# Three Blocks Contact force

1. Sep 27, 2008

### robvba

1. The problem statement, all variables and given/known data
Three blocks on a frictionless horizontal surface are in contact with each other. A force F is applied to block A (mass mA ). If mA=mB=mC=10.0 kg and F = 96.0 N, determine the force of contact that each block exerts on its neighbor.

2. Relevant equations

3. The attempt at a solution

a=96/(10+10+10)=3.2N

contact force between mA and mB: 96-3.2*10=64
contact force between mB and mC: 3.2*10=32 or 64-3.2*10=32

did i solve this right?

thank you

2. Sep 27, 2008

### tiny-tim

Hi robvba!

Correct result … and it looks like you got it the right way, but I'm not sure.

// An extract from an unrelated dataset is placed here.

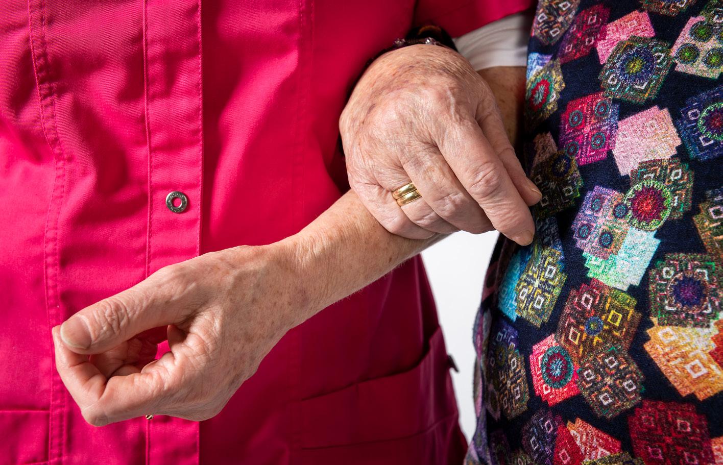Monique: “Bij alles wat je, individueel of met een groepje, doet stel je graag de eigen regie en zelfstandigheid van de bewoner voorop. Een voorbeeld is bewoners met psychogeriatrische uitdagingen met hun handen laten eten. Verwanten vinden dat vaak moeilijk (“Dat deed hij/zij thuis nooit!”) maar je wilt bewoners ook liever niet ‘voeren’. Het zélf kunnen draagt juist bij aan dat stukje eigenwaarde dat je niet wilt krenken. Een bewoner kan mij ook tien keer achter elkaar vragen waar ik ben. Ik geef iedere keer antwoord omdat ik weet dat hij zich gehoord wil voelen.”

This is a Newton's second law problem … you really shouldn't talk about the "force between" two bodies … each equation should only concern the forces on a particular body.

3. Sep 27, 2008

### robvba

thank you. you're right. it's force of contact that each block exerts on it's neighbor. which would mean that block mA exerts a force of 64N on block mB while block mB exerts an equal and opposite force back; so mA = -mB. is that a fair statement?

4. Sep 27, 2008

### tiny-tim

erm … I don't think you mean mA = -mB, do you?

I was thinking more of mass times acceleration = sum of forces …

you know the acceleration of block A, so the sum of forces on block A is … , and so the reaction force from block B on block A is … ?

5. Sep 27, 2008

### robvba

right. i meant Fba = - Fab (Force of A on B = negative Force of B on A)...?